Kanegawa’s love of biology flourished as she worked with others. She eventually changed her major from nursing to biology/kinesiology.
My Chau, Ph. D., STEM Supplemental Instruction Coordinator, said what separates Kanegawa from others is that she genuinely wants to help students do well in their classes.
“Kathleen has a positive disposition, and she is dependable,” Chau said. “She is very excited about science, and her enthusiasm transfers to the students in her SI sessions.”
Kesean Diamond, another SI leader, discussed Kanegawa’s ability to present biology lessons according to students, varying learning styles that she encounters daily.
Diamond is impressed by Kanegawa’s versatility and adaptability in her teaching methods.
“She’s able to kind of think outside the box, to ensure that her students can get the material and get that grade that they want,” Diamond said.
Kanegawa’s enthusiasm and caring demeanor extends beyond helping her students learn biology.
Rick Torres, also a SI leader, tells a story of Kanegawa’s compassion last year. One of Kanegawa’s SI coworkers who did not have health insurance became ill.
She immediately stepped into action, raising funds for her colleague with an impromptu bake sale.
Kanegawa has also volunteered at Gladstone Care Rehab, a senior rehabilitation center in Glendora.
Many of the seniors at Gladstone do not speak English, and she was often unable to assist the Spanish-speaking seniors.
Hoping to eliminate this barrier, Kanegawa said she took Spanish during the winter 2014 semester.
“She’s really focused,” said Diamond, 23. “Really determined.”

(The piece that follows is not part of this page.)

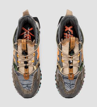 We wanted to approach the collaboration with a mindfulness of functionality to go hand-in-hand with the collection theme of “Adapt”. The footwear and tote were inspired by utilitarian workwear, with a heavy influence on functional details – loops, directional compass, and reflective 3M. We used neutral, textural earth tones to play off the inspiration of the woods in combination with bold pops of color. The colors work in synergy with nature and play a role in transforming challenges into lasting positive changes.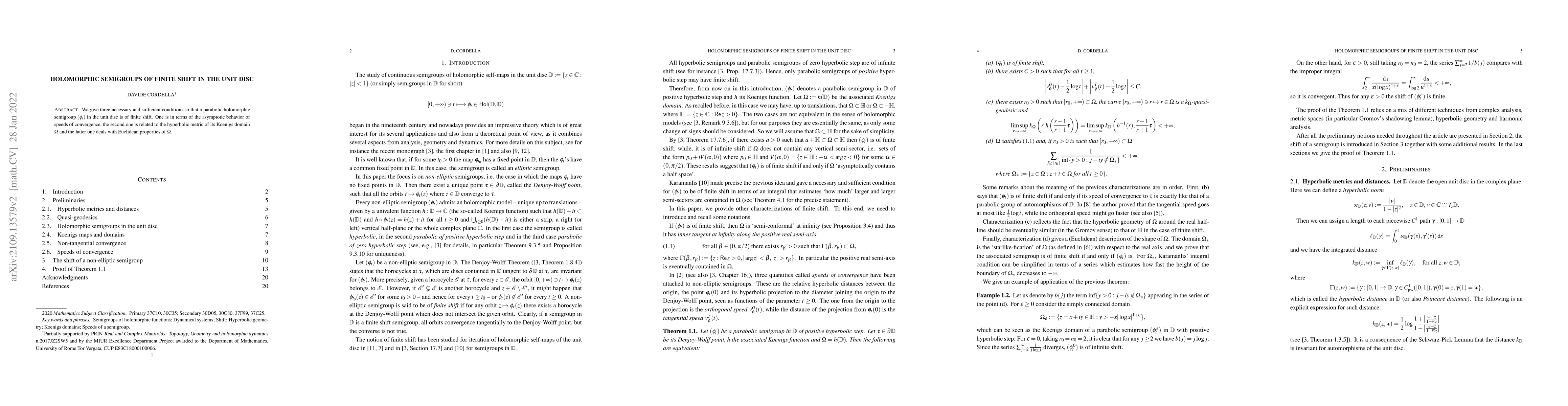 This paper establishes three necessary and sufficient conditions for a parabolic holomorphic semigroup in the unit disc to have finite shift. These conditions involve the convergence speeds, the hyperbolic metric of its Koenigs domain, and Euclidean properties of the domain.

Torres echoed Diamond when he said, “I know she works really hard, but she does it with such ease. She doesn’t make learning seem difficult.”
Kanegawa wants to serve as an example for her younger family members.
“I just want to show them that they also have the potential to be something great,” Kanegawa said.
“They don’t have to settle for things. They should be ambitious. They should try and go out in the world and accomplish things.”
Kanegawa has applied for admission to Cal Poly Pomona, Cal State Fullerton, Cal State Northridge, and UC San Diego for the fall of 2014.
She plans to major in biology or kinesiology.
Her goal is to become a physical therapist and land a job where she can spend time with family and live comfortably.
“Whenever I feel discouraged, I constantly think about where I want to be,” Kanegawa said. “Just having a goal, a dream: that motivates me. Looking at the students that I’m able to work with each semester, they motivate me. My siblings, they motivate me, too.”
Kanegawa said she takes a one-day-at-a-time approach to life. Her journey is far from complete, and the Student Worker Award marks another milestone along her pathway to success.